Comrades Marathon 2019 Live Broadcast

'Sizonqoba- Together We Triumph'

Event Schedule

9 Jun 2019   05:30 AM - 05:30 PM past event

Starts from Durban City Hall and ends at Scottsville Racecourse in Pietermaritzburg

South Africa.

The 94th Comrades Marathon will be an Up Run on Sunday, 9 June 2019. The race starts at the Durban City Hall at 05h30 and ends 12 hours later at the Scottsville Race Course, covering a distance of approximately 87km.

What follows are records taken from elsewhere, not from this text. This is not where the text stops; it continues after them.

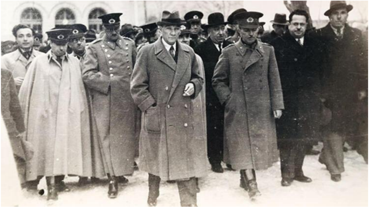
Modern Türkiye Cumhuriyeti'nin kurucusu Gazi Mustafa Kemal ATATÜRK.

Birleşik Devletler, hoşgörü ve dinler arası diyaloga katkı sağlayabilmeleri maksadıyla Müslüman ülkelerdeki hükümetleri barışçıl Müslüman organizasyonlara izin vermeye teşvik ederek bu karşı ideolojinin gelişmesine yardım edebilir. Birleşik Devletler bunun yanı sıra Müslüman dünyasındaki işletmeleri çeşitliliği, hoşgörüyü ve yurttaşlık eğitimini teşvik eden faaliyetleri finanse etmeleri yönünde teşvik edebilir. Bunun da ötesinde Müslüman ülkelere, eleştirel düşüncüyü, vatanseverlik duygularını, ahlakı ve İslam’ın demokrasi ve laiklikle uyumlu değerlerini öne çıkaran okul eğitim programları geliştirmelerinde yardım edebilir.
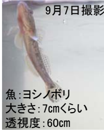
魚：ヨシノボリ 大きさ：7cmくらい 透視度：60cm
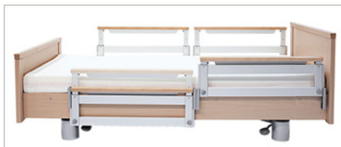
VGS - verticaal verstelbaar gedeeld bedhek (uitschuifbaar)
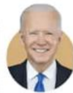
जो बाइडेन अमेरिका
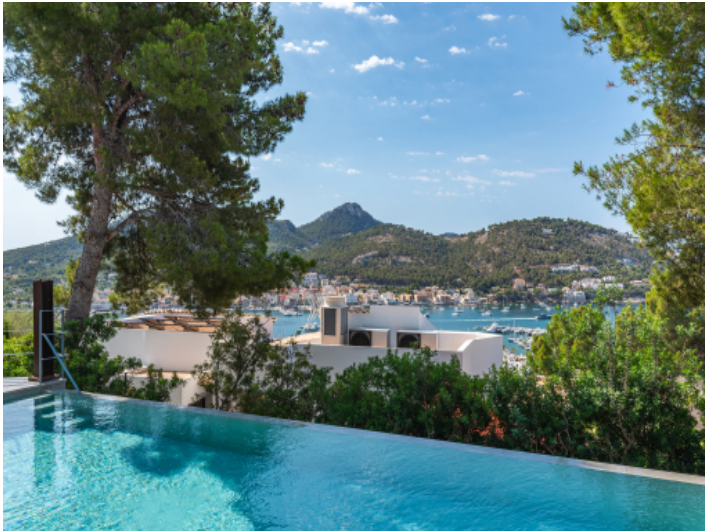
Pool mit Meerblick
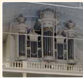
ST.-AUGUSTINUSKERK (1843) UTRECHT

orgel in de Nieuwe Kerk te Delft geassisteerd. De toepassing van het neoclassicisme bleef verder eigenlijk beperkt tot typische ornamenten, zoals pilasters, palmetten, rozetten en urnen, op verder traditionele neobarokke kassen, b.v. R.K. St. Augustinuskerk te Utrecht (H.D. Lindsen, 1843), Hervormde Kerk te Werkhoven (J.J. Vollebregt & Zn, 1862).
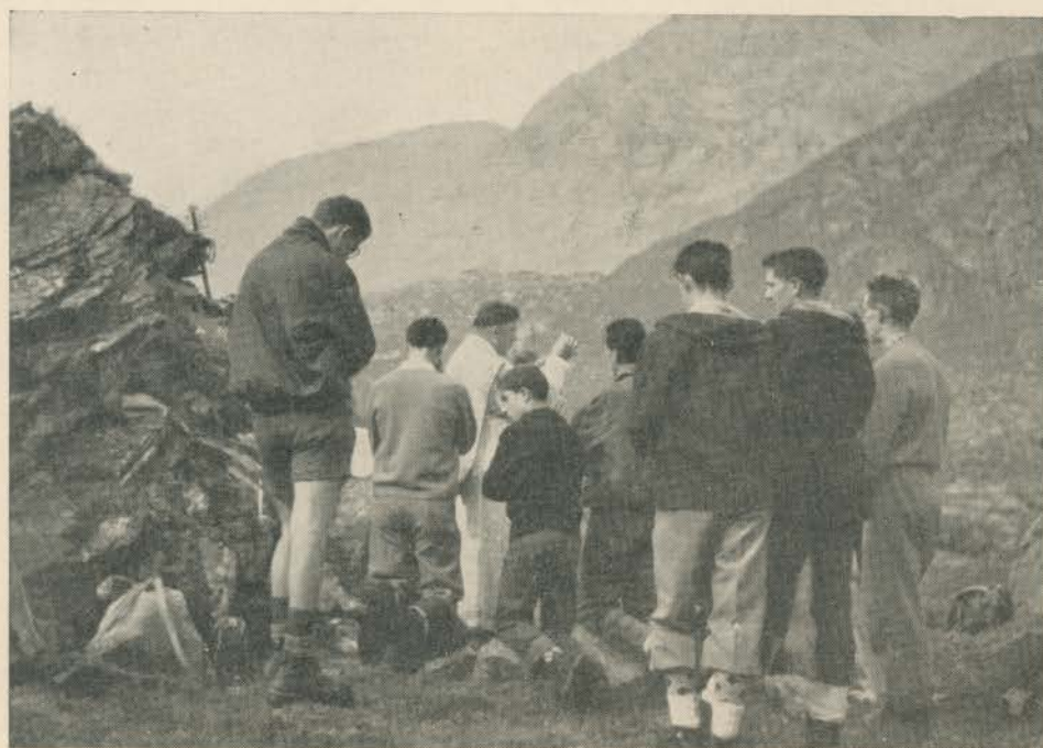
Messa al campeggio

Those directly involved know that pulling off good sports coverage is challenging enough in a single location such as a stadium. One can then imagine challenges of covering an event that is constantly on the move, like a marathon or cycle race. SABC TV outside Broadcasts has the most advanced solution for such purposes. The complex solution incorporates several OB units, mobile MCUs, motorcycles, helicopters, fixed wing, satellite communications, bonded cellular microwave transmitters and voice over IP into a single, seamless workflow that requires a carefully coordinated interaction of a team of dedicated specialists.

Our Hi-Tech Team’s role is reflected below. A broadcast coverage (broadcast live on SABC 2) of this event is outlined in technical detail on diagram below:


For video-on-the-move or +40km marathon, a cable camera from the OB Van covers about 5% of the marathon, so motor bikes are utilized to cover the marathon between the start and the finish point. The bikes use mobile cameras or camcorders and wireless communication systems. The primary wireless communication is cellular network technology or GSM where mobile phones are used to communicate with the cameramen on the bikes.

We use quad-band GSM mobile phone hybrids to dial the mobile devices on the bikes and the devices are set on “Auto Answer” so that when the line breaks it can immediately be dialled and answered without disturbing the cameraman on the bike. Depending on network availability from the mobile phone network service providers, communication can be smooth and clear throughout the marathon. In the areas where there’s poor network signal on cellular network, RF Technology is used.

Handheld UHF Radios are used for comms to the bike cameramen. Since the helicopter hovers above the bike all the time, communication can be clear. In cases where the signal is out of range, a fixed wing aircraft, which is fitted with receive and transmit antennas, acts as a comms repeater.

We also use bonded cellular systems and VOIP communication for a more stable and clearer communication path.

A technician’s role in this discipline is to set up and establish communication between the OB van, the bikes, tracking sites and the studio in Johannesburg, in marathons.


In 2015 TVOB acquired two new BMW 1600 GT motorbikes for live transmission of sport/news productions. These high-torque bikes are ideal for low speed filming and are completely rigged and ready to go when used in conjunction with bonded cellular units, DMNG (digital mobile news gathering). The bikes are fully equipped with communication facilities with a stand-by (different platform) to and from the remote location.

Two HD video sources (1080i50) are available from the motorbikes. Pictures get transmitted to the helicopter/server with the latest HD transmission equipment. Video content distribution thru the chopper is done in the 4 GHz range.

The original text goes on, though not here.